§ **Directions**
Your answer must match, word for word, the lines from the one holding "Alors qu'un des" through the final line below, with pictures excluded.

§ **Extracted data**

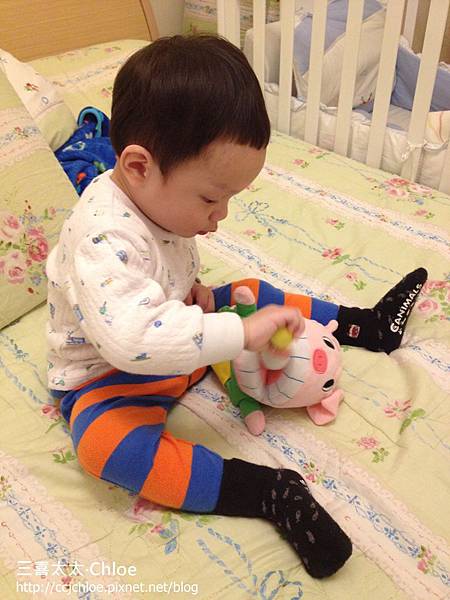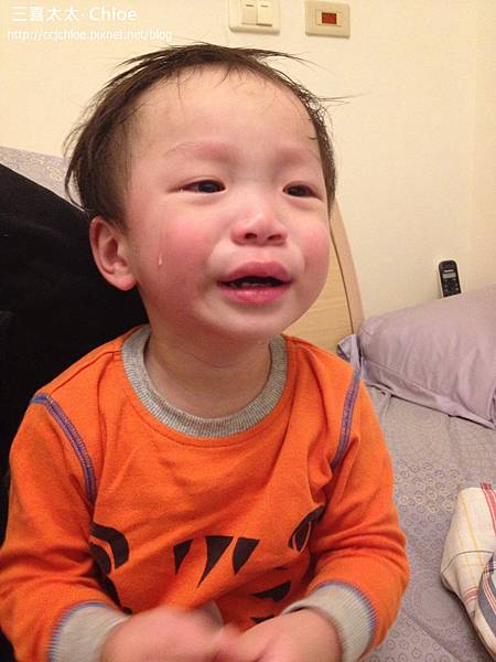 鋒哥慢慢從 “大哭”到 “雖然沒哭但仍然想逃”(但雙手雙腳仍被媽媽的雙腿夾住)
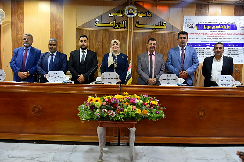 جرت صباح هذا اليوم الخميس الموافق 2023/3/30 مناقشة علمية علنية على قاعة جابر بن حيان في كلية الزراعة /جامعة المثنى لطالب الماجستير (عزيز قاسم عويز الحنوش ) والموسومة(تأثير نظم الحراثة ورش البورون في صفات النمو والحاصل للحنطة الناعمة)
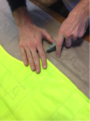 We cut out a pattern of the construction safety vest with a utility knife.
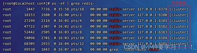 [root@localhost conf]# sed "s/6379/6380/g" redis-6379.conf > redis-6380.conf [root@localhost conf]# sed "s/6379/6381/g" redis-6379.conf > redis-6381.conf [root@localhost conf]# sed "s/6379/6382/g" redis-6379.conf > redis-6382.conf [root@localhost conf]# sed "s/6379/6383/g" redis-6379.conf > redis-6383.conf [root@localhost conf]# sed "s/6379/6384/g" redis-6379.conf > redis-6384.conf [root@localhost conf]# sed "s/6379/6385/g" redis-6379.conf > redis-6385.conf
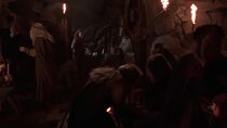 Alors qu'un des guerriers cimmérien appelé Olaf accepta de conduire le colonel O'Neill et Teal'c jusqu'au chantier de construction goa'uld, Gairwyn apprit l'existence de la grotte de l'Oeil de pierre au capitaine et au docteur Jackson, un lieu légendaire dans lequel Thor conserverait l'ensemble de ses pouvoirs afin de les aider à défendre leur monde en cas de besoin. Entre-temps, O'Neill et Teal'c découvrirent que Heru'ur était responsable de l'invasion de Cimméria et que le chantier était protégé par de nombreux Jaffas, commandés par des gardes Horus. Toutefois, bien que Olaf fut capturé par des Jaffas et interrogé par Heru'ur en personne sur la présence des personnes ayant franchies la porte des étoiles, le colonel O'Neill et Teal'c purent éliminer les gardes à l'aide de leurs armes et sauvèrent le Cimmérien sous les yeux du seigneur goa'uld.
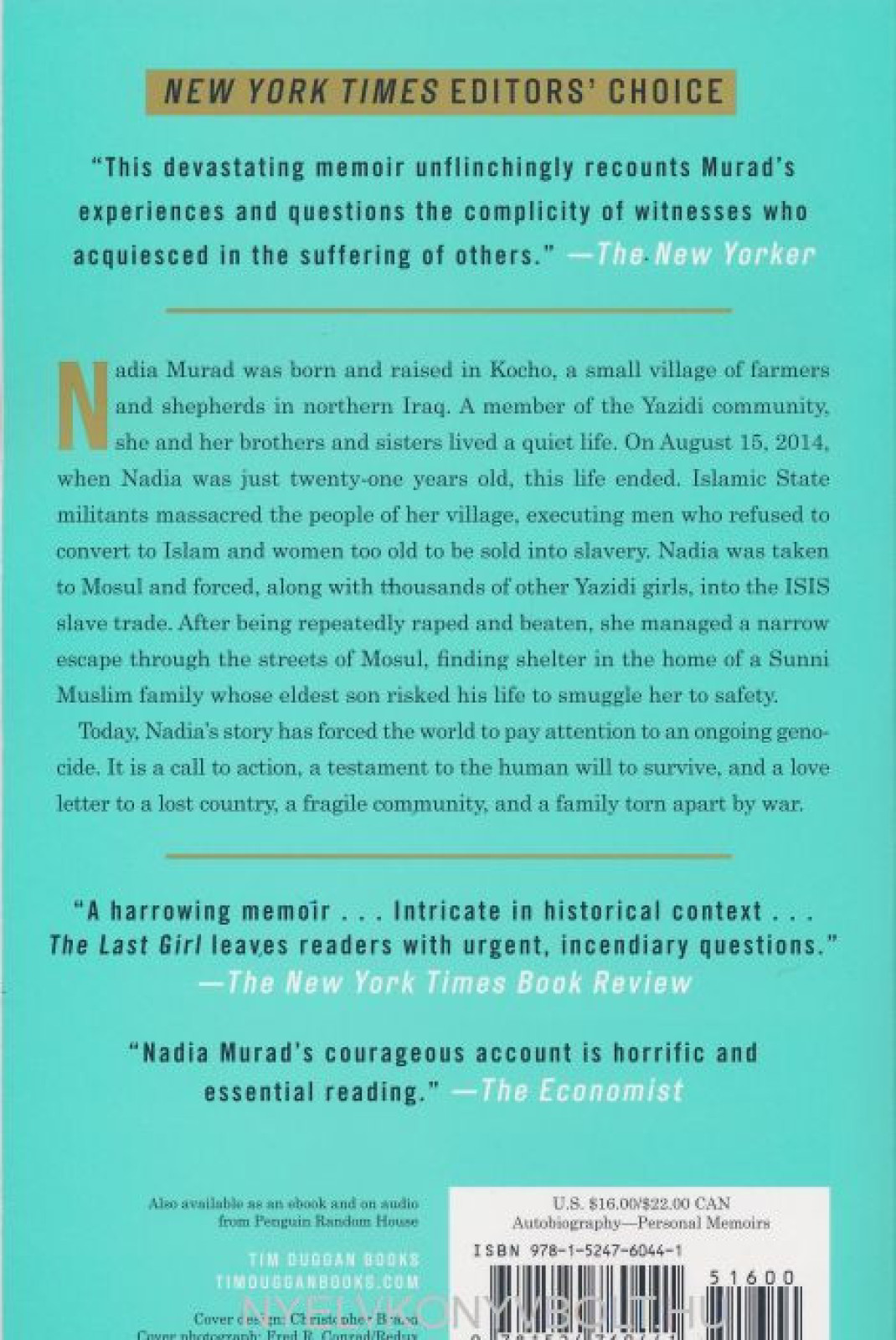 Nadia Murad was born and raised in Kocho, a small village of farmers and shepherds in northern Iraq. A member of the Yazidi community, she and her brothers and sisters lived a quiet life. Nadia had dreams of becoming a history teacher or opening her ownbeauty salon.

§ **Output below**
 Alors qu'un des guerriers cimmérien appelé Olaf accepta de conduire le colonel O'Neill et Teal'c jusqu'au chantier de construction goa'uld, Gairwyn apprit l'existence de la grotte de l'Oeil de pierre au capitaine et au docteur Jackson, un lieu légendaire dans lequel Thor conserverait l'ensemble de ses pouvoirs afin de les aider à défendre leur monde en cas de besoin. Entre-temps, O'Neill et Teal'c découvrirent que Heru'ur était responsable de l'invasion de Cimméria et que le chantier était protégé par de nombreux Jaffas, commandés par des gardes Horus. Toutefois, bien que Olaf fut capturé par des Jaffas et interrogé par Heru'ur en personne sur la présence des personnes ayant franchies la porte des étoiles, le colonel O'Neill et Teal'c purent éliminer les gardes à l'aide de leurs armes et sauvèrent le Cimmérien sous les yeux du seigneur goa'uld.
 Nadia Murad was born and raised in Kocho, a small village of farmers and shepherds in northern Iraq. A member of the Yazidi community, she and her brothers and sisters lived a quiet life. Nadia had dreams of becoming a history teacher or opening her ownbeauty salon.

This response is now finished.